We continue our series of Top 20 Greatest F1 Racers with Jean Alesi.

Frenchman Jean Alesi was born to Sicilian parents on June 11,1964. Despite being very talented, he always found himself at the right place in the wrong time. Throughout his career, Jean Alesi always found himself in a team which would be showing strong performances before he arrived after he left. And as a result, his career statistics don’t reveal the talent he had. In his Formula 1 career, he drove for various teams including Benetton-Renault, Tyrrell, Sauber, Prost, Jordan and most notably, Ferrari.

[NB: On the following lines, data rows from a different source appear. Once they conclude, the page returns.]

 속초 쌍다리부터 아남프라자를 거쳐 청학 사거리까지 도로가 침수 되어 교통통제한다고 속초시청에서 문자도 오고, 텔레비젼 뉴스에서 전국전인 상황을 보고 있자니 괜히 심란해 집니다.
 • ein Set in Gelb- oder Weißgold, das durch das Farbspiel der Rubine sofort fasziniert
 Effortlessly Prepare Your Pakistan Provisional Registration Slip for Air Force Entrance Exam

Jean Alesi wasn’t interested in racing single-seaters in his early years. Instead, he had a passion for rallying and it was not until the 1980′s that he graduated to single-seaters. In 1987, he won the French Formula 3 title and subsequently moved on to International Formula 3000 which he won in 1989 after a very closely contested duel with Erik Comas.

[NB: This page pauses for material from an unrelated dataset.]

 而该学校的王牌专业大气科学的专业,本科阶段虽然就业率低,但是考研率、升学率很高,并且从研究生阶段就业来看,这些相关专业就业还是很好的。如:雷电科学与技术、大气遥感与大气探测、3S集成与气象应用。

In the 1989 French Grand Prix, he got the break he was looking for in Formula 1 with Tyrrell. During his first year there, he scored points in the Italian and Spanish Grand Prix, but didn’t contest in the whole of the 1989 season and occasionally gave up his car to Johnny Herbert whenever an F1 race clashed with Formula 3000, which he continued to contest throughout 1989.

1990 was his first full year with  Tyrrell and this was the year when he burst upon the F1 scene after some sensational driving, most notably in the season opener at Phoenix, where he led the first 25 laps of the race ahead of the legendary Aryton Senna. While Senna had a faster V10 Honda engine, Alesi had to content with vastly inferior Ford V10. The race at Phoenix meant that by the end of 1990, Tyrrell,Williams and Ferrari all were trying to get his signature.

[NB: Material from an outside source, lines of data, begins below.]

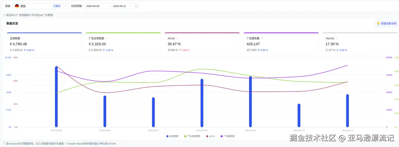 看着步骤简单,人工落地全是坑:长尾词根本没精力一个个挖,潜在好词全漏;每天只能看1次数据,调价慢半拍,竞品一发力就丢流量;按梯队建广告组要耗几小时,最后只能乱堆,优质词被废词拖垮。4月初数据就是教训——销售额才6k+欧元,ACOS却飙到33%,明明知道方法,就是干不动。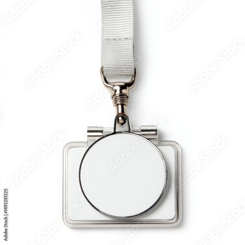 Blank white ID holder with lanyard. Perfect for branding or customization.
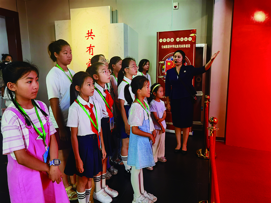 ?小小讲解员跟随工作人员参观学习 本报记者 鲍娜 摄

French racing driver Jean Alesi competing in a Tyrrell-Cosworth at the French Grand Prix at the Circuit Paul Ricard, 9th July 1989

Ultimately, Jean Alesi decided to sign with Ferrari for the 1991 season. This move later proved to be disastrous for him as the Ferrari team suffered a decline in form and both Gerhard Berger and him managed to win just one race each in the next five years. On the other hand, a rejuvenated Williams team went on to win five championships between 1992 and 1997. During his time at Ferrari, Jean Alesi became a favourite with the tifosi, especially because of his aggressive driving style and the number 27 (which was also Gilles Villenueve’s car number) he carried on his Ferrari.  Alesi won his first and only race with the Ferrari team in the 1995 Canadian Grand Prix on his 31st Birthday.

When Michael Schumacher signed up with Ferrari in 1996, Jean Alesi signed the contract with the then-world champions Benetton-Renault. Like his span at Ferrari, the Benetton team saw a decline in form in 1996 from which it could never recover and in his time there, Alesi had some of his worst and most erratic races which saw him getting involved in many dangerous accidents, most notably in the 1997 Australian Grand Prix, where he tried to outbreak Eddie Ervine from nearly eight lengths behind. This caused a spectacular collision that saw Alesi being placed under investigation for dangerous driving after the race. Alesi was dropped by Benetton at the end of 1997 season and he moved initially to Sauber and then to Prost.


Alesi drove for the Sauber team from 1998 to 1999.  But the Sauber car, though at times quick, was very unreliable and Alesi suffered many retirements especially during the 1999 season, where he couldn’t finish almost half the races he participated in. His best result with the Sauber team came at the 1998 Belgium Grand Prix where he finished on the podium in third place.

Alesi finally decided to move to Prost, his former rivals, in 2000. During the first year, the Prost car was powered by vastly inferior Peugeot engine which lacked performance and reliability. Alesi only finished in four races during the 1999 season. For 2001, Prost changed their engine supplier and used Ferrari engines which saw them compete in the midfield. Alesi left the Prost team midway through the 2001 season after the German Grand Prix and signed with Jordan for rest of the season. He finally ended his career with Jordan in 2001 and went on to contest in the German Touring car Championship DTM from 2002-2006.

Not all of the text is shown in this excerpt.